(Work to complete):
It is required that the lines from the top of the listing through the line with "X says 238 years" be reproduced exactly, excluding pictures.

(Exercise input):
►

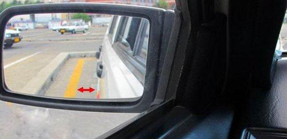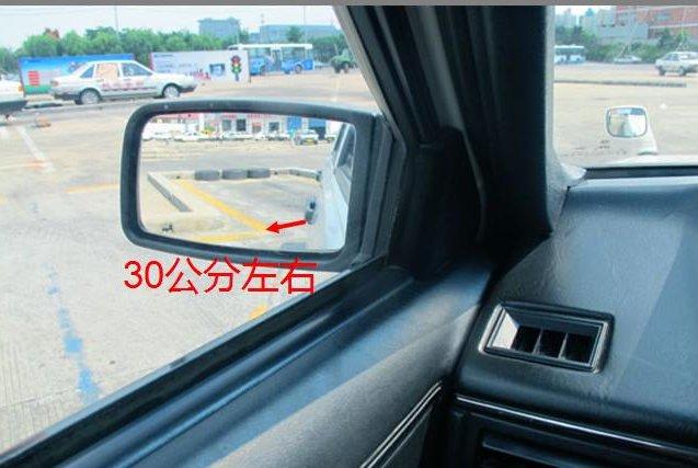 4、看左后视镜,注意观察车后轮与左库角的距离,如果车后轮距离左库角刚好在30cm,那就不需要修正方向,直接继续向后倒车即可。如果车轮与库角小于30cm的话,可以通过回一点方向盘来保持30cm左右的距离。
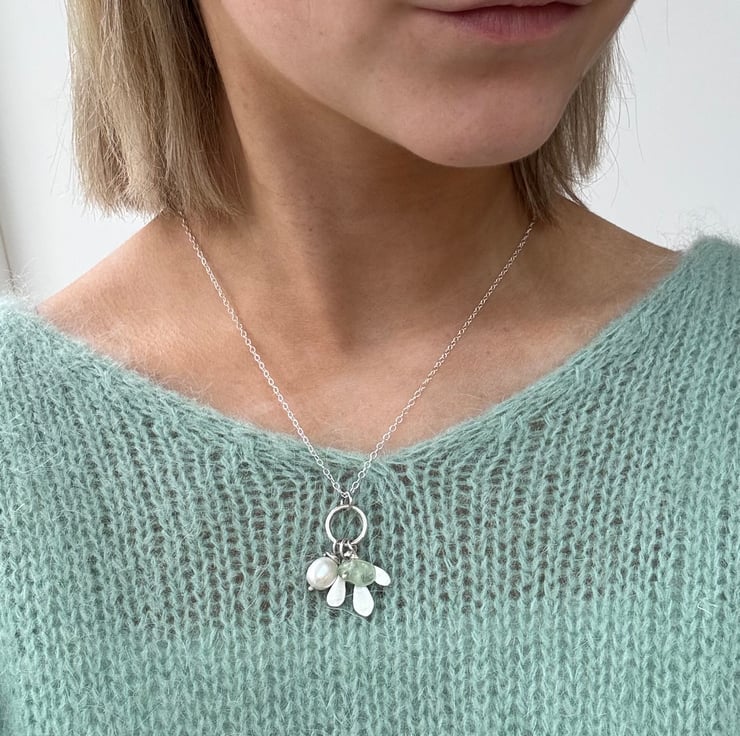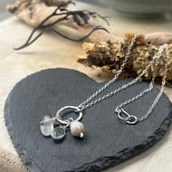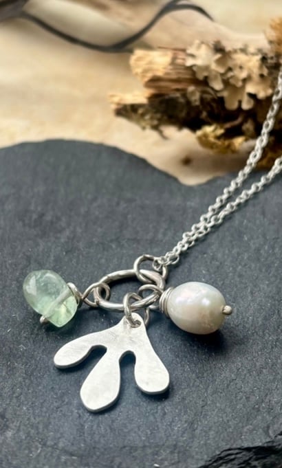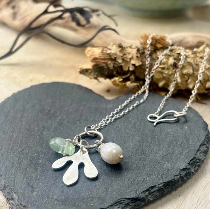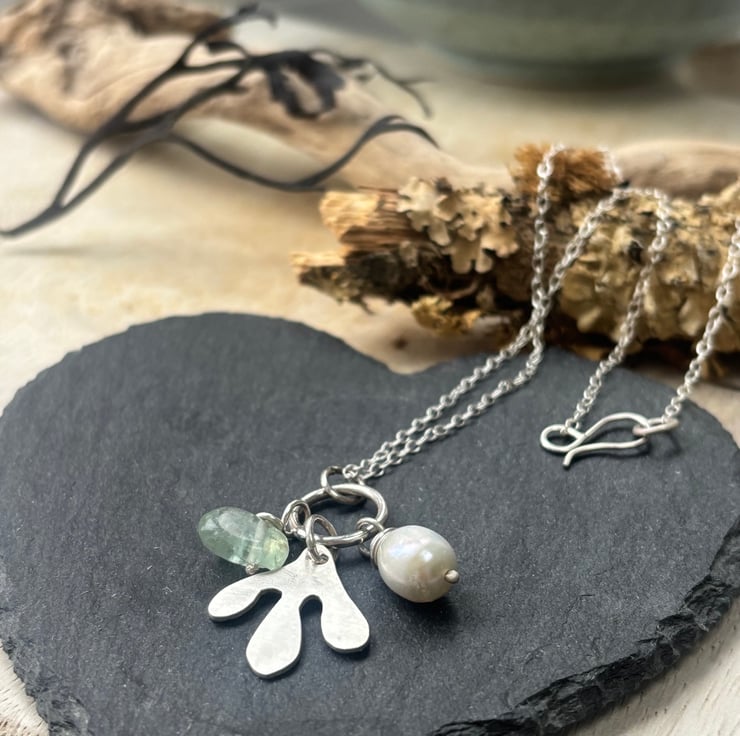 Pretty recycled silver handmade necklace with recycled silver seaweed inspired shape hand sawn in satin finish with freshwater pearl drop and aventurine drop both on handmade silver wires finishe on silver 18 inch trace chain with handmade S shaped clasp
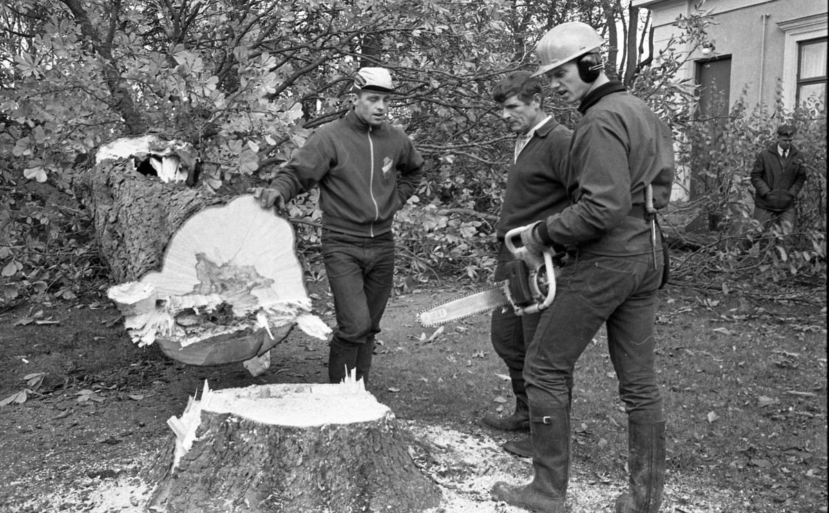 Trädfällning vid prostgården. En stor Kastanj har fallt för motorsågen. Tre män står vid stubben och en fjärde är på väg.
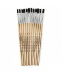 Fine grade natural black bristles. Seamless polished aluminum ferrules are double crimped to handles. Natural hardwood handles feature lacquered finish. Short handled easel brushes are ideal for budding artists. Each set includes 12 brushes.
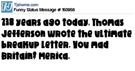 X says 238 years ago today, Thomas Jefferson wrote the ultimate breakup letter. You mad Britain? Merica.
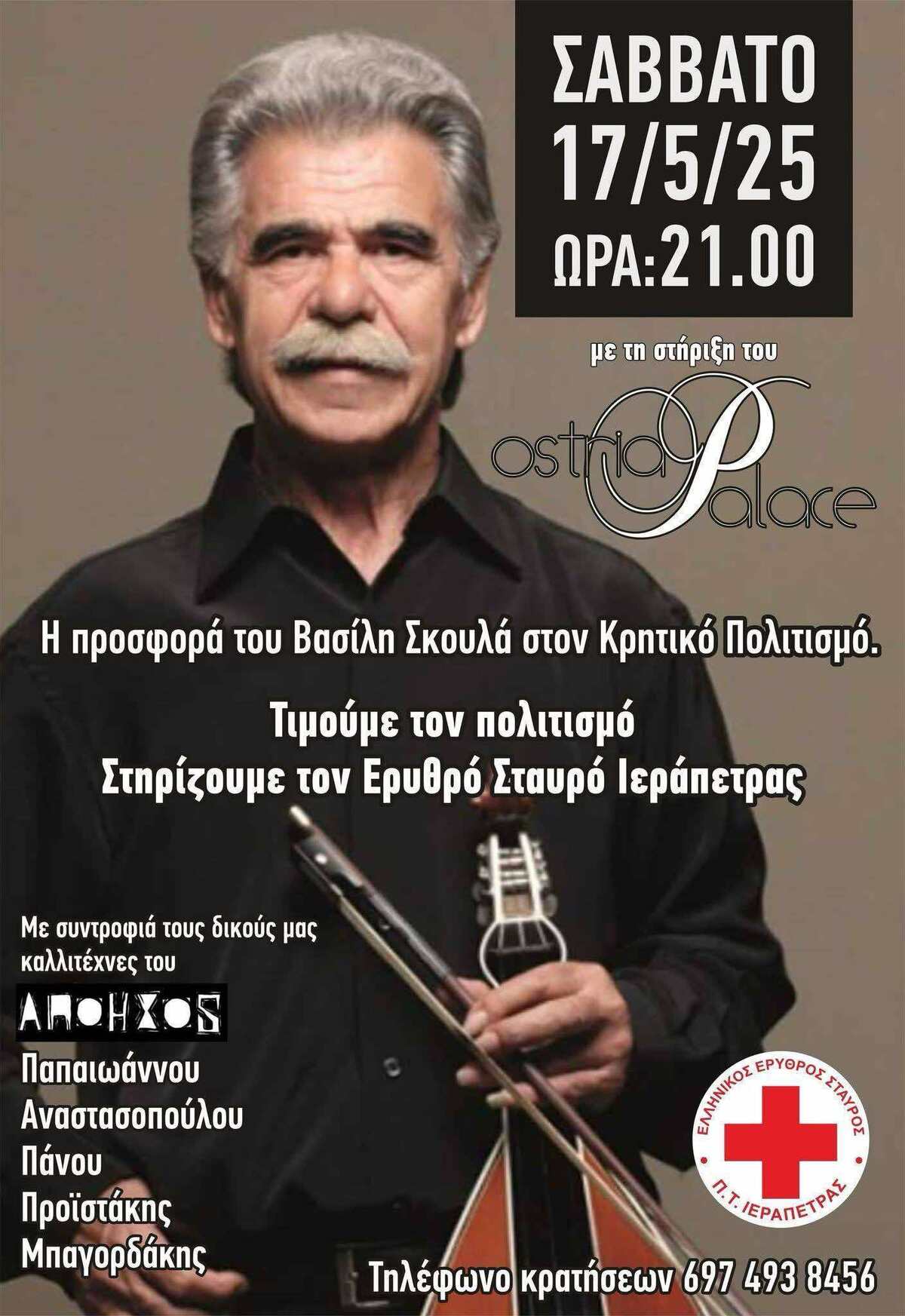 Ο Περιφερειακός Τομέας Ιεράπετρας του Ελληνικού Ερυθρού Σταυρού διοργανώνει μια ξεχωριστή εκδήλωση τιμής και βράβευσης του μεγάλου Κρητικού καλλιτέχνη Βασίλη Σκουλά, για την πολύτιμη και πολυετή προσφορά του στον πολιτισμό της Κρήτης.
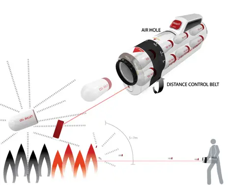 Pistola para apagar El fuego, sus balas contienen CO2 que lo extingue en un segundo

◄

(Task answer):
 4、看左后视镜,注意观察车后轮与左库角的距离,如果车后轮距离左库角刚好在30cm,那就不需要修正方向,直接继续向后倒车即可。如果车轮与库角小于30cm的话,可以通过回一点方向盘来保持30cm左右的距离。
 Pretty recycled silver handmade necklace with recycled silver seaweed inspired shape hand sawn in satin finish with freshwater pearl drop and aventurine drop both on handmade silver wires finishe on silver 18 inch trace chain with handmade S shaped clasp
 Trädfällning vid prostgården. En stor Kastanj har fallt för motorsågen. Tre män står vid stubben och en fjärde är på väg.
 Fine grade natural black bristles. Seamless polished aluminum ferrules are double crimped to handles. Natural hardwood handles feature lacquered finish. Short handled easel brushes are ideal for budding artists. Each set includes 12 brushes.
 X says 238 years ago today, Thomas Jefferson wrote the ultimate breakup letter. You mad Britain? Merica.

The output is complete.